WORK INSTRUCTION: Retype each entry exactly as written, and keep the pictures out of the copy.

MATERIAL PROVIDED:
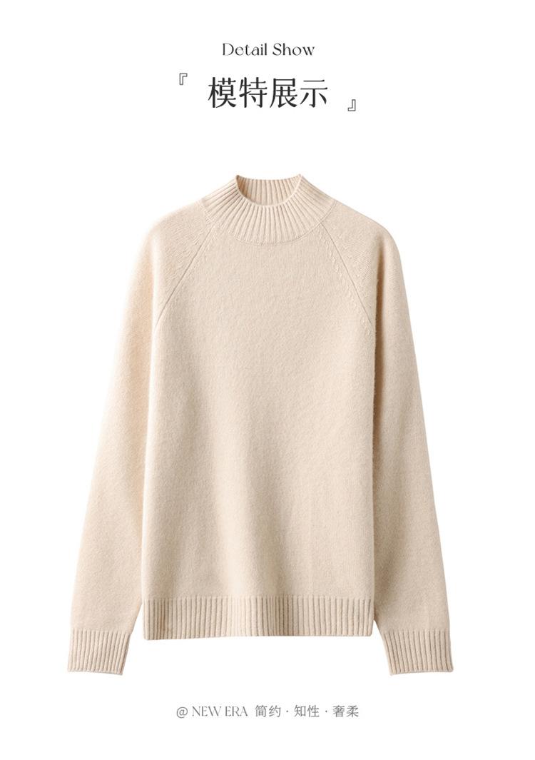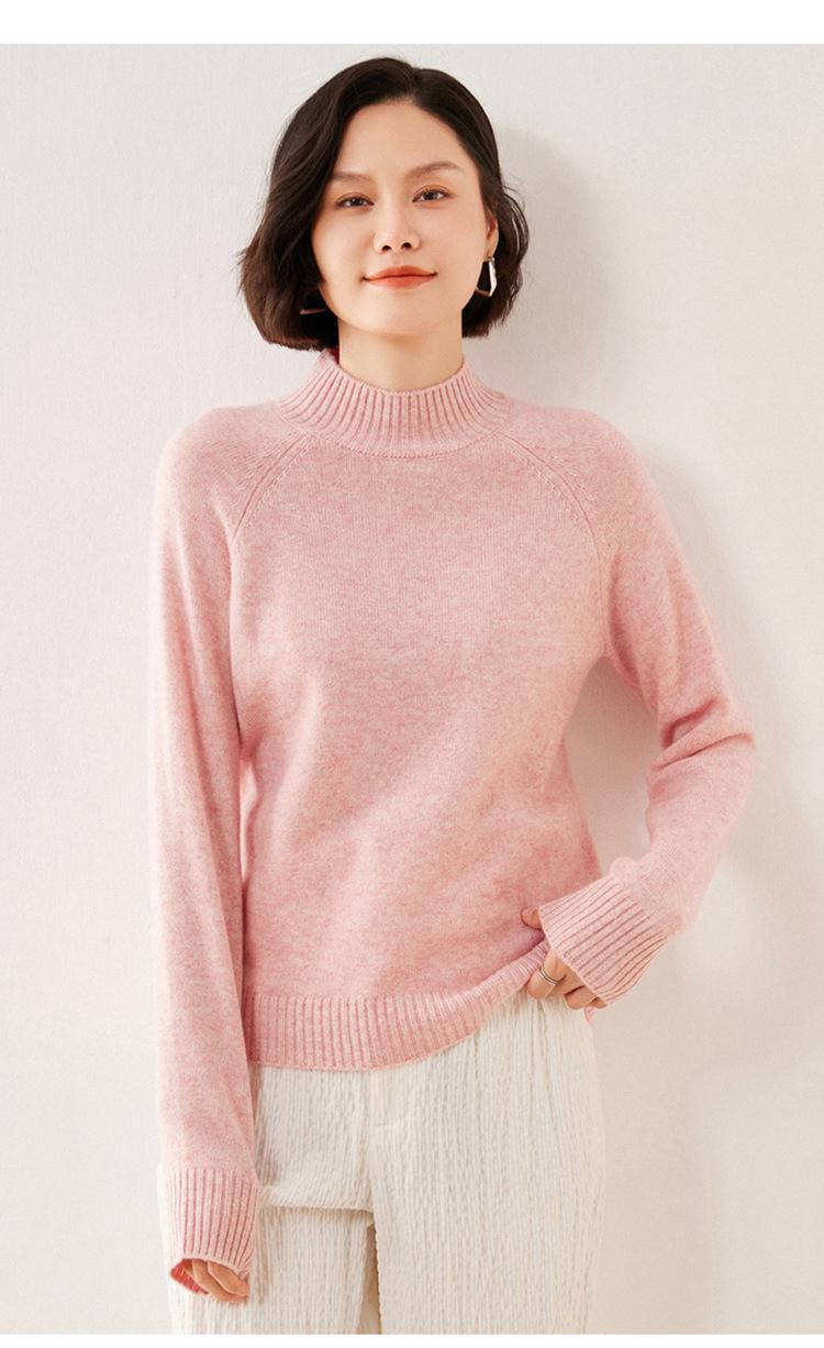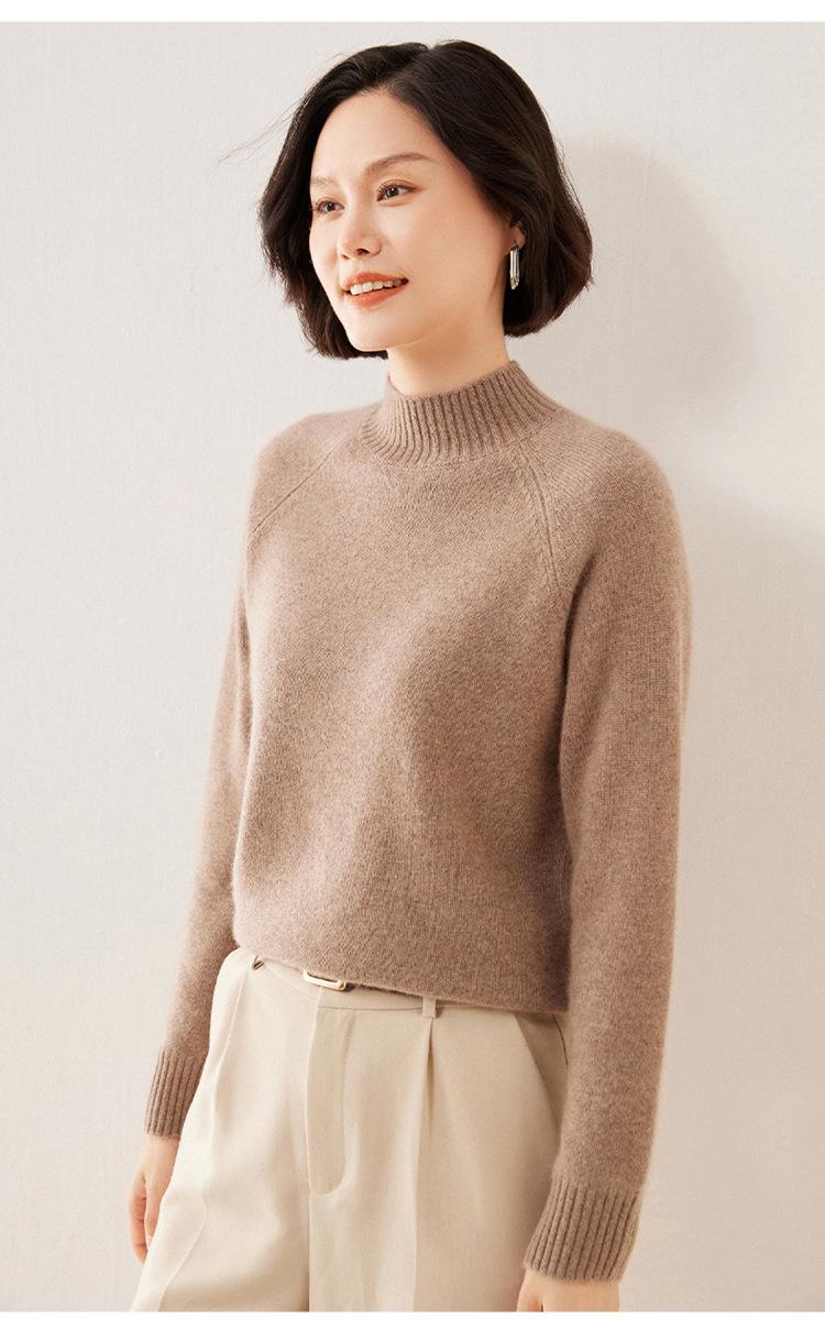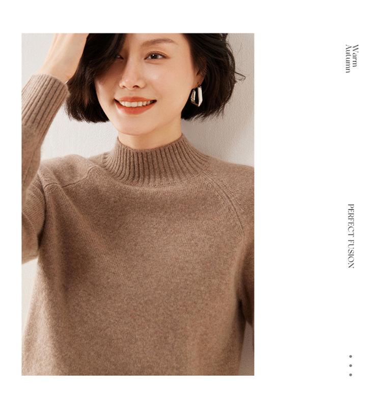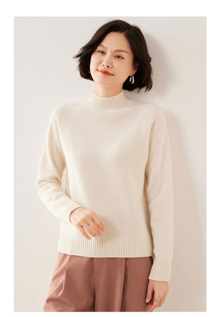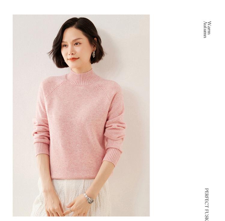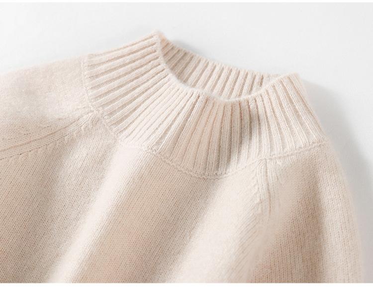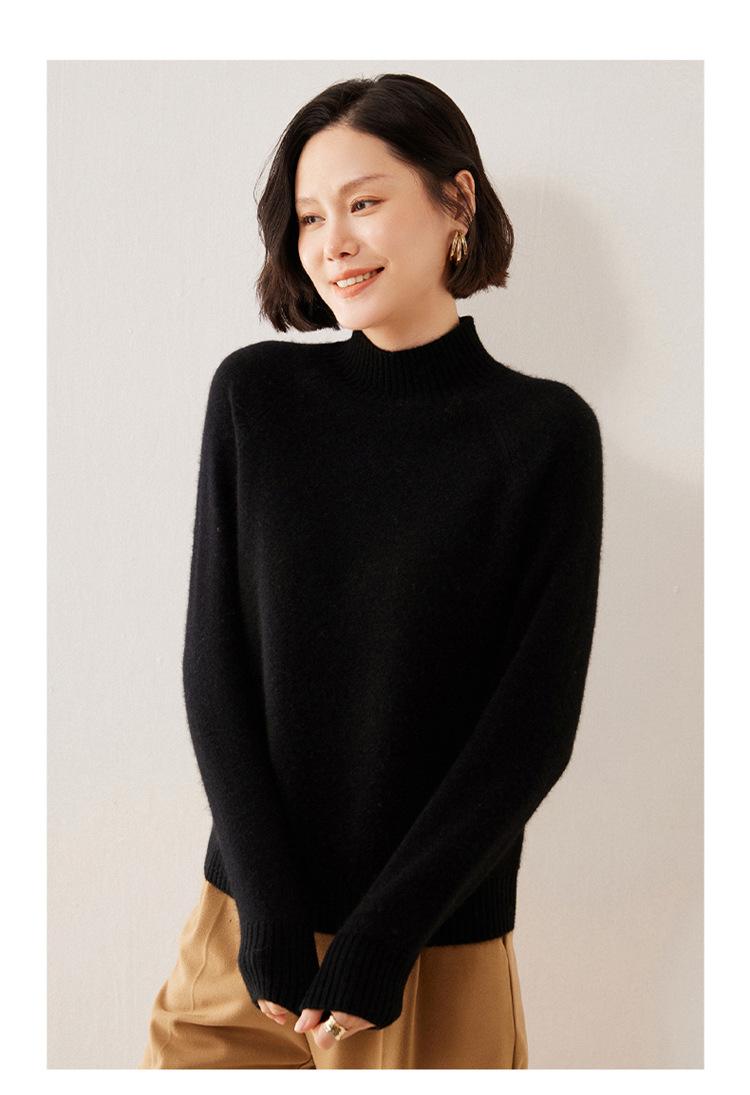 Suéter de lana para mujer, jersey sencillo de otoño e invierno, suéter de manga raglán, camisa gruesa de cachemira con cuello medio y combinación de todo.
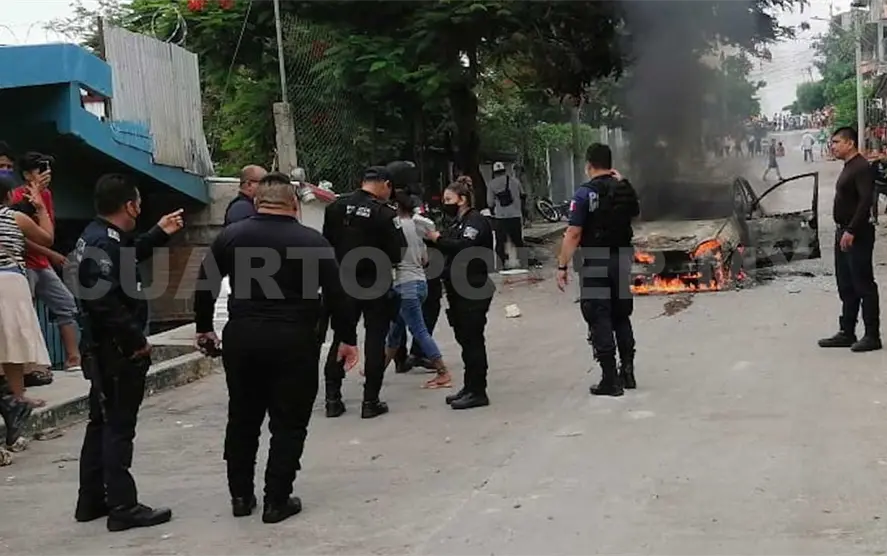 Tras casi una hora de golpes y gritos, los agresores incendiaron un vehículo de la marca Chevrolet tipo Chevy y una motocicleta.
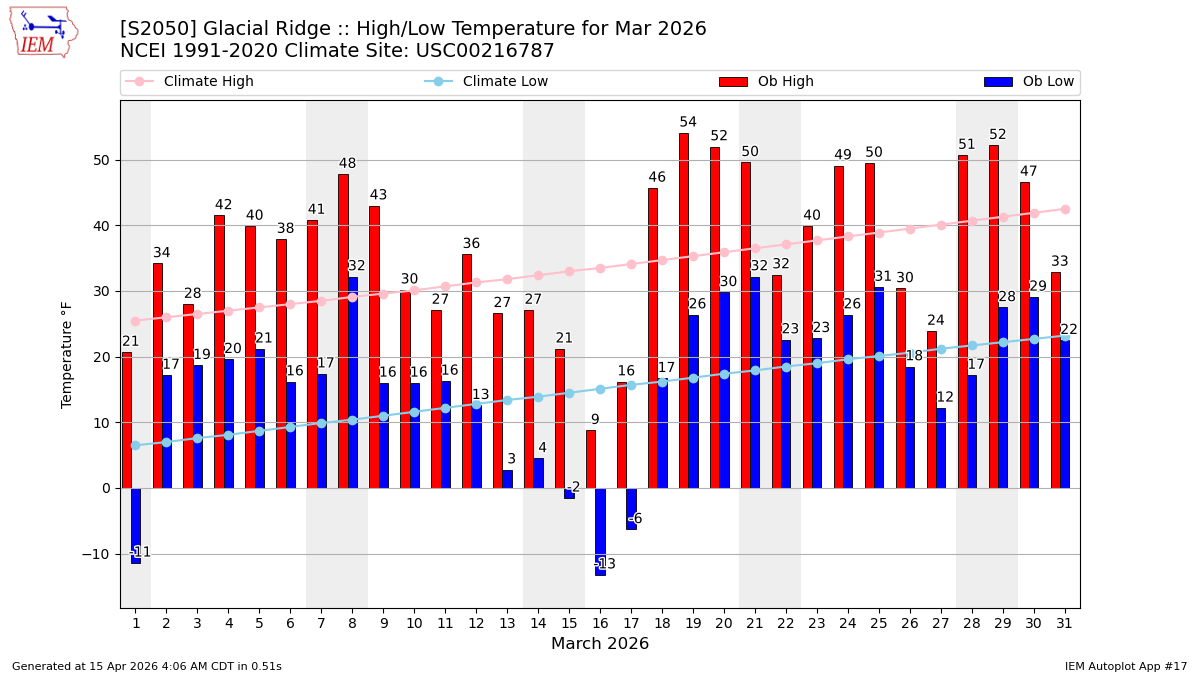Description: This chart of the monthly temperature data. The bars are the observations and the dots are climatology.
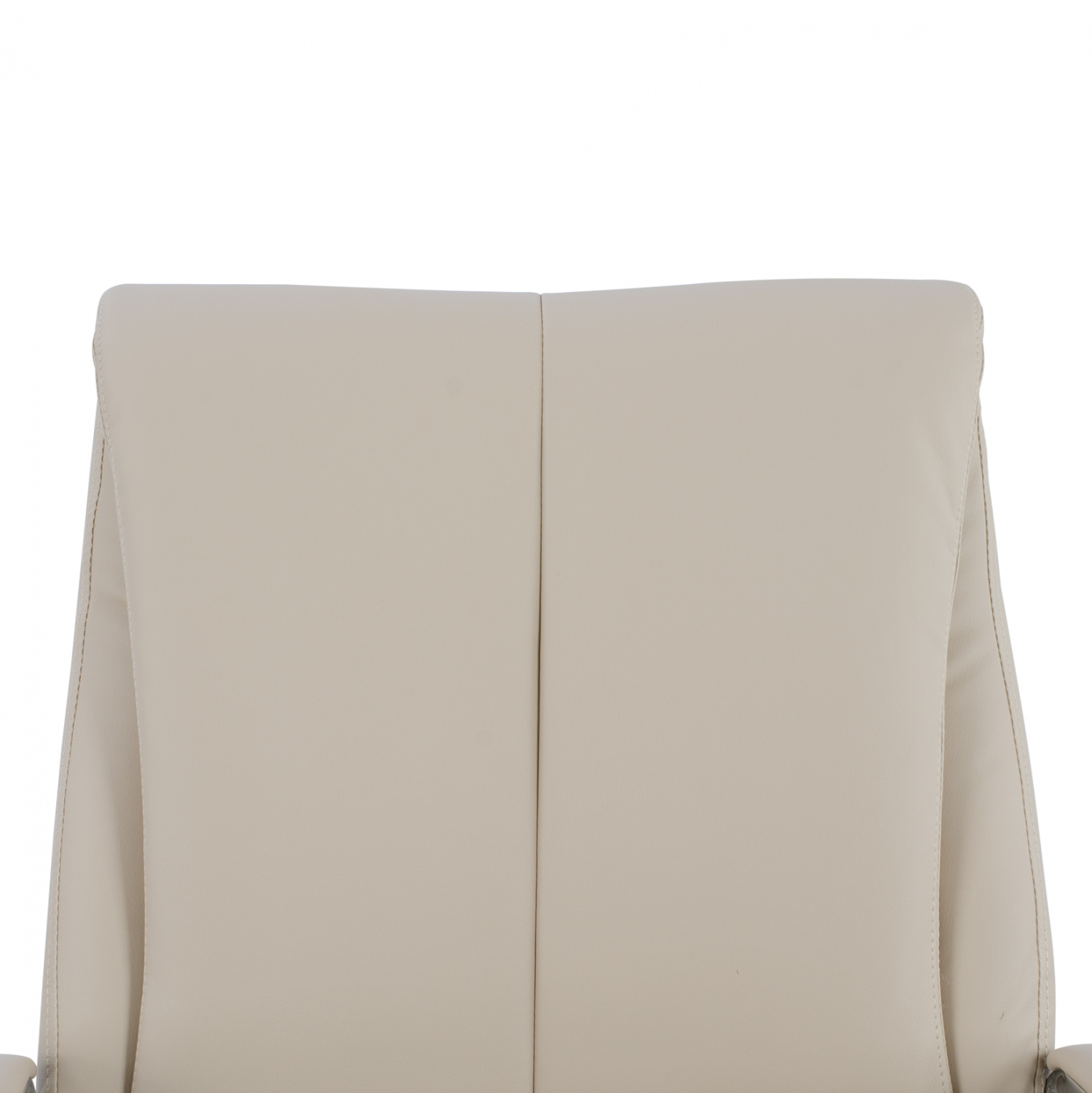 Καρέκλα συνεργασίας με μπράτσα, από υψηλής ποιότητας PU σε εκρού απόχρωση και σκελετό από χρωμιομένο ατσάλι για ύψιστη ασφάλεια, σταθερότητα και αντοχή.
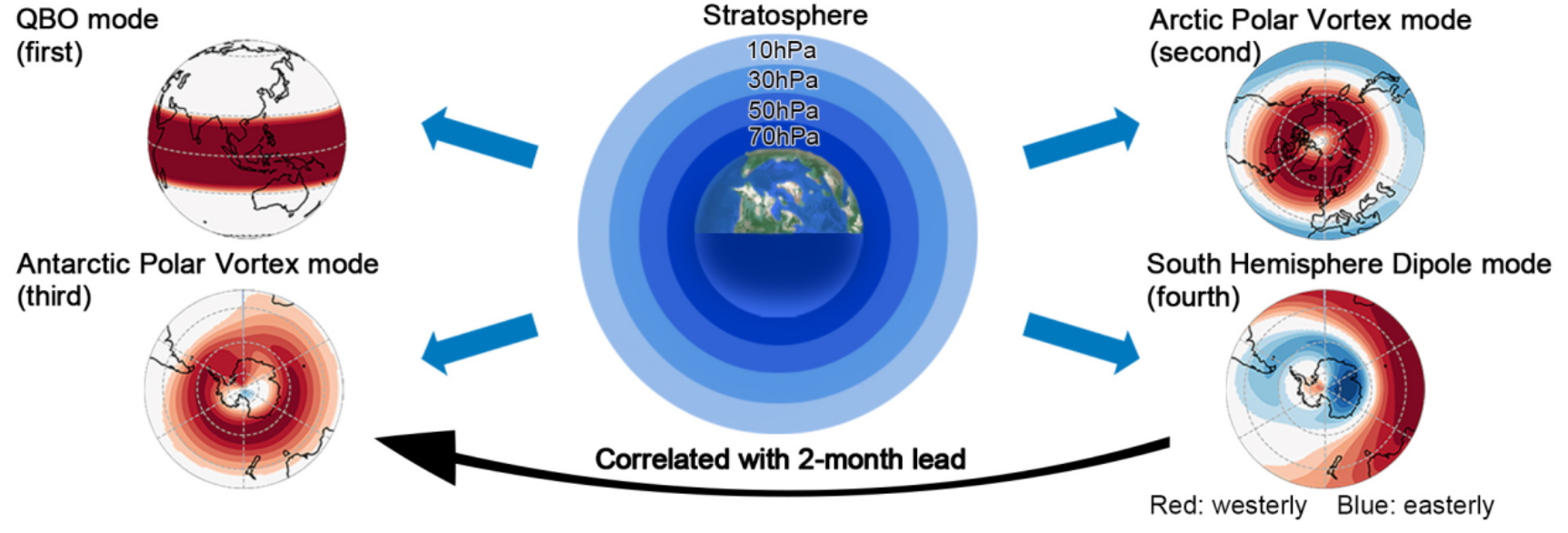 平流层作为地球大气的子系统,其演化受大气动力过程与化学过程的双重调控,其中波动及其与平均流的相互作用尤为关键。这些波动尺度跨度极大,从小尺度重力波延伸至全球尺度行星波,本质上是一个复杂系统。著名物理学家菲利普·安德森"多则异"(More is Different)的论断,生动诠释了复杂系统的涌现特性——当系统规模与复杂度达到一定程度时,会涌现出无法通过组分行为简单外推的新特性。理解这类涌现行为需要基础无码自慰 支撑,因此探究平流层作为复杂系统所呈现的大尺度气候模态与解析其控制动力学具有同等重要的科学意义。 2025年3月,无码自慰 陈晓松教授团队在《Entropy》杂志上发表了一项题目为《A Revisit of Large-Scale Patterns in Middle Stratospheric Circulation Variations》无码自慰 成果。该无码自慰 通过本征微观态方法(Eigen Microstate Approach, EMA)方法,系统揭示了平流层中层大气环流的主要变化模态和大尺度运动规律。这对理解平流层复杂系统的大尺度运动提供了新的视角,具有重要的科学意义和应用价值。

EXERCISE OUTPUT:
 Suéter de lana para mujer, jersey sencillo de otoño e invierno, suéter de manga raglán, camisa gruesa de cachemira con cuello medio y combinación de todo.
 Tras casi una hora de golpes y gritos, los agresores incendiaron un vehículo de la marca Chevrolet tipo Chevy y una motocicleta.
Description: This chart of the monthly temperature data. The bars are the observations and the dots are climatology.
 Καρέκλα συνεργασίας με μπράτσα, από υψηλής ποιότητας PU σε εκρού απόχρωση και σκελετό από χρωμιομένο ατσάλι για ύψιστη ασφάλεια, σταθερότητα και αντοχή.
 平流层作为地球大气的子系统,其演化受大气动力过程与化学过程的双重调控,其中波动及其与平均流的相互作用尤为关键。这些波动尺度跨度极大,从小尺度重力波延伸至全球尺度行星波,本质上是一个复杂系统。著名物理学家菲利普·安德森"多则异"(More is Different)的论断,生动诠释了复杂系统的涌现特性——当系统规模与复杂度达到一定程度时,会涌现出无法通过组分行为简单外推的新特性。理解这类涌现行为需要基础无码自慰 支撑,因此探究平流层作为复杂系统所呈现的大尺度气候模态与解析其控制动力学具有同等重要的科学意义。 2025年3月,无码自慰 陈晓松教授团队在《Entropy》杂志上发表了一项题目为《A Revisit of Large-Scale Patterns in Middle Stratospheric Circulation Variations》无码自慰 成果。该无码自慰 通过本征微观态方法(Eigen Microstate Approach, EMA)方法,系统揭示了平流层中层大气环流的主要变化模态和大尺度运动规律。这对理解平流层复杂系统的大尺度运动提供了新的视角,具有重要的科学意义和应用价值。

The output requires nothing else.